В Мосгордуме поддержали идею переименования переулка, где находится посольство Турции, в честь погибшего пилота Олега Пешкова. Ранее ассоциация «Лига содействия оборонным предприятиям» вынесла это предложение на интернет-голосование. По мнению обозревателя газеты «Коммерсантъ» Максима Юсина, инцидент с российским самолетом, якобы нарушившим воздушное пространство Турции, ставит вопрос о необходимости наладить диалог между Анкарой и Москвой. И, возможно, на высшем уровне.
На днях я участвовал в ток-шоу на одном из наших телеканалов — оно было посвящено российско-турецким отношениям. В студии явно преобладали решительные, а то и воинственные настроения. Главный вывод сводился к тому, что предложение турецкого президента Реджепа Тайипа Эрдогана о встрече с Владимиром Путиным ни в коем случае нельзя принимать.
Во-первых, потому что турки не извинились за самолет, сбитый в ноябре. Во-вторых, они вновь устроили провокацию. В-третьих, они пытаются втянуть в свой конфликт с Москвой НАТО. В-четвертых, Путину вообще не о чем разговаривать с Эрдоганом. В-пятых, турки еще не в полной мере заплатили за свое «ноябрьское преступление». Вот когда у них сорвется летний туристический сезон, когда они понесут многомиллиардные убытки, тогда, возможно, и наступит момент общаться с Эрдоганом, но никак не сейчас. И дальше в том же духе: в-шестых, в-седьмых, в-восьмых.

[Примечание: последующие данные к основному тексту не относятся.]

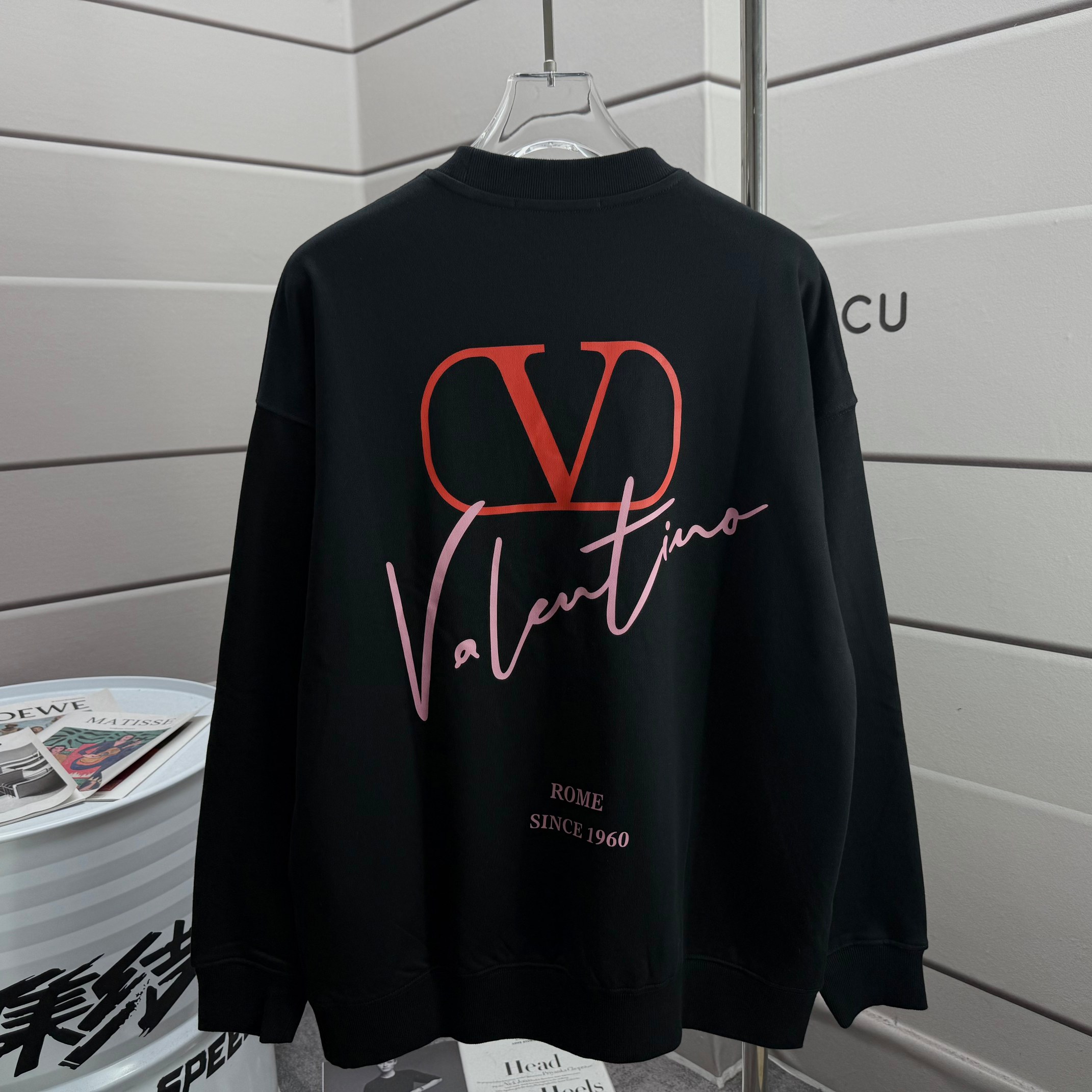 Valentino 2025 Spring/Summer New Arrival Classic Pink Embroidered Letter Pattern Print Custom Terry Fabric Long-Sleeved Hoodie Unisex

Я, конечно, понимаю: на телеэкране многие хотят выглядеть круто, воинственно, непреклонно. Политологи и депутаты считают, что такой показной патриотизм сейчас востребован. Может быть. Но включать мозги тоже иногда бывает полезно. И задумываться о возможных последствиях.
Сколько времени Москва должна продолжать дипломатический бойкот 80-миллионного соседа, ключевой региональной державы? Два месяца уже бойкотирует — сколько еще? Полгода, год, пять лет? На эти вопросы никто в студии мне не ответил.
И никто не объяснил, что страшного случится, если Путин согласится на предложение Эрдогана о встрече, примет его где-нибудь в Сочи или в Ново-Огарево. Холодно, без рукопожатий на камеру, но примет, выслушает, выскажет свои претензии, попытается договориться о неких правилах, которые обе стороны обязуются соблюдать, чтобы не довести дело до прямого военного столкновения.
Потому что опасность такого столкновения сейчас очень велика. Представьте себе, что в следующий раз, в случае реального или мнимого нарушения границы, турки опять собьют российский самолет. И что тогда? Не ответить будет сложно — многие в мире воспримут это как потерю лица, признак слабости.
Но как ответить? Нанести ракетно-бомбовый удар по стране-члену НАТО? Сбить турецкий самолет комплексами С-400? Но тогда турецкие войска просто перейдут границу с Сирией, вмиг доберутся до российской авиабазы. Ее, отрезанную от России, никак не защитить — она почти неизбежно будет захвачена одной из самых боеспособных армий НАТО. Самолеты в лучшем случае успеют улететь, зенитные комплексы достанутся туркам в качестве трофеев.
И как на это реагировать? Начинать ядерную войну? Бомбить Стамбул, как предлагал Владимир Жириновский? Россия в самом деле к этому готова? Ультрапатриоты, собирающиеся в телестудиях и упивающиеся своими бравыми речами, действительно этого хотят?
Я в этом сильно сомневаюсь. А если не хотят, то пора заканчивать спектакль, перестать раздувать истерию в обществе, создавать нездоровый ажиотаж и отвергать саму идею диалога.
Переговоры всегда лучше, чем война — тем более война с непредсказуемым исходом. И удивительно, что эту азбучную истину еще нужно кому-то доказывать.